Monday, February 12, 2007

Digital Rights Management

Digital Rights Management (generally abbreviated to DRM) is an umbrella term that refers to any of several technologies used by publishers or copyright owners to control access to and usage of digital data or hardware, and to restrictions associated with a specific instance of a digital work or device. The term is often confused with copy protection and technical protection measures; these two terms refer to technologies that control or restrict the use and access of digital content on electronic devices with such technologies installed, acting as components of a DRM design.
Digital Rights Management is a controversial topic.
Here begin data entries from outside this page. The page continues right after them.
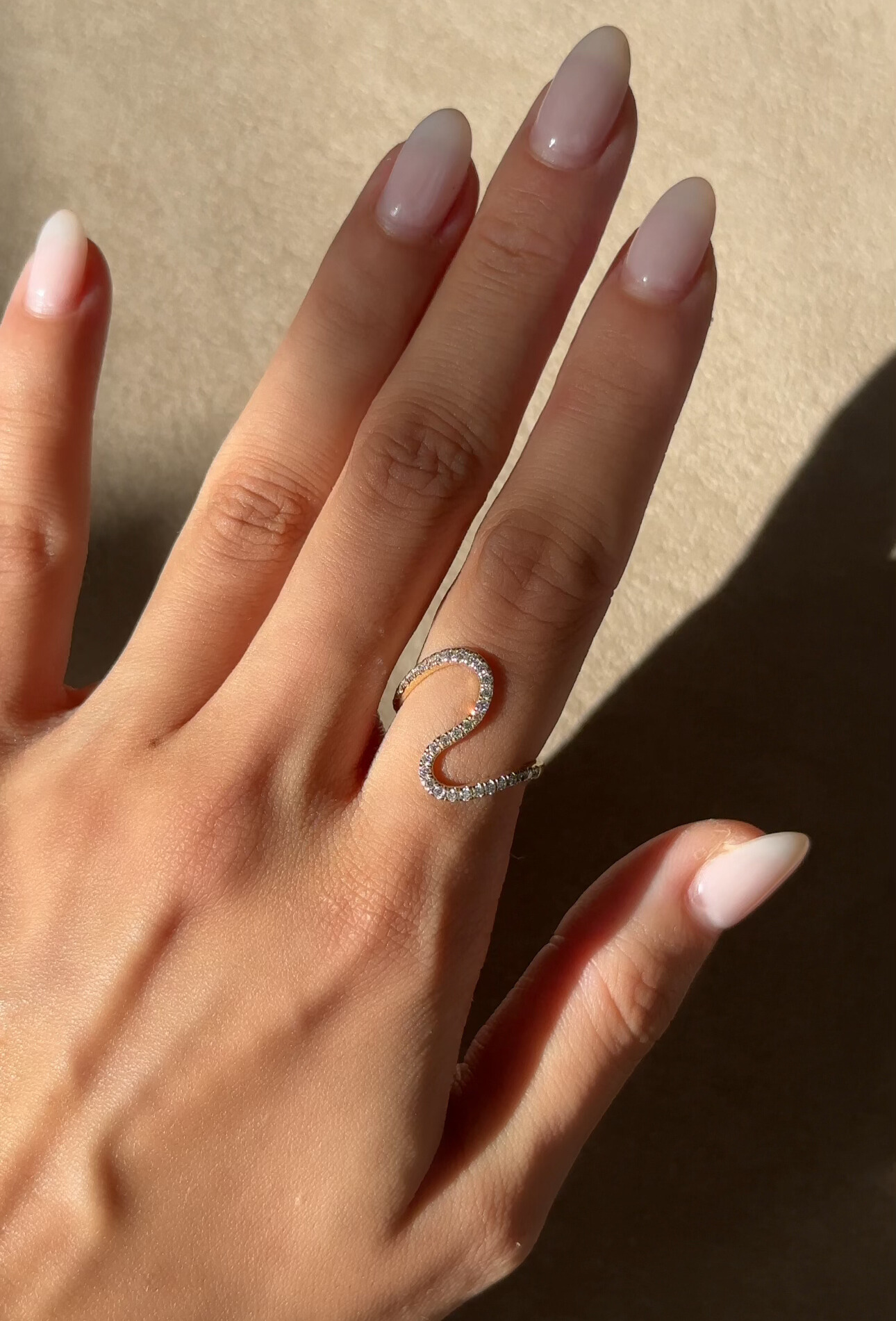 The Tina Ring is a graceful take on asymmetry, where a pear-cut diamond delicately anchors one end of a gently arched pavé band. With 29 round brilliant diamonds set into the sweeping curve, this design draws the eye with quiet confidence and elegant motion. Whether worn solo or stacked, the Tina Ring makes a subtle yet distinct statement.
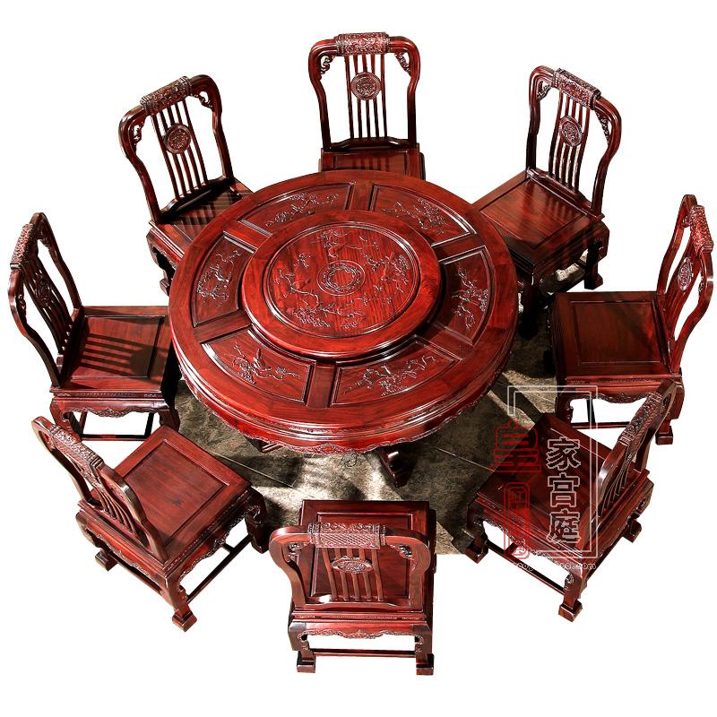 East African sourwood dining table mahogany round table dining table and chair combination all solid wood Chinese restaurant dining table 1.38 meters round table
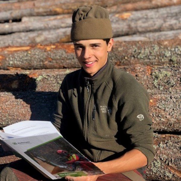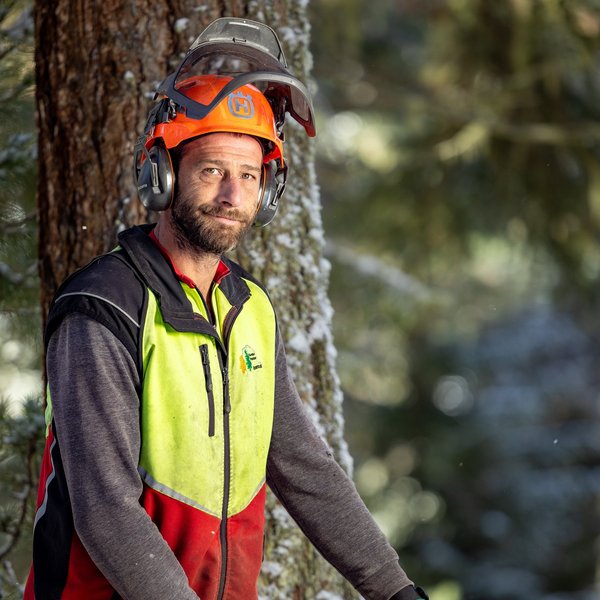 Forstwart - Forstwart seit 2009 im Betrieb – davon die letzten Jahre temporär. In der Freizeit steile Felswände erklimmen reicht ihm nicht; auch mit der Motorsäge klettert er bei Spezialholzerei Bäume hoch
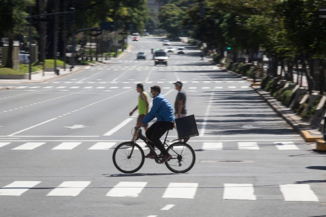 3月20日,在阿根廷布宜诺斯艾利斯,一名戴着口罩的男子骑车经过七月九日大道。新华社发(马丁·萨巴拉摄)

Advocates argue DRM is necessary for copyright holders to prevent unauthorized duplication of their work to ensure continued revenue streams.[1] Some critics of the technology, including the Free Software Foundation, suggest that the use of the word "Rights" is misleading and suggest that people instead use the term Digital Restrictions Management.[2] The position put forth is that copyright holders are attempting to restrict use of copyrighted material in ways not granted by statutory or common law applying to copyright. Others, such as the Electronic Frontier Foundation consider some DRM schemes to be anti-competitive, citing the iTunes Store as an example.
Enterprise Digital Rights Management (E-DRM or ERM) refers to the use of DRM technology to control access to corporate documents (Microsoft Word, PDF, TIFF, AutoCAD files, etc), rather than consumer playable media. The technology usually requires a Policy Server to authenticate users' rights to access certain documents but more recently software that does not require this has been created. EDRM vendors include Microsoft, Adobe Systems, EMC Corporation and several smaller companies. There are open source implementations as well. EDRM is generally intended to apply to trade secrets, which are different from copyrighted material (though there is sometimes an overlap as some material is both copyrighted and a trade secret — e.g., the source code for some proprietary software), and for whom the primary issue is industrial or corporate espionage or inadvertent release. In most jurisdictions, there is no notion of fair use for trade secrets as there is for copyrighted material. Trade secrecy confidentiality measures are somewhat less controversial than DRM applied to copyrighted works sold to the public in many copies (e.g., audio or video recordings, texts).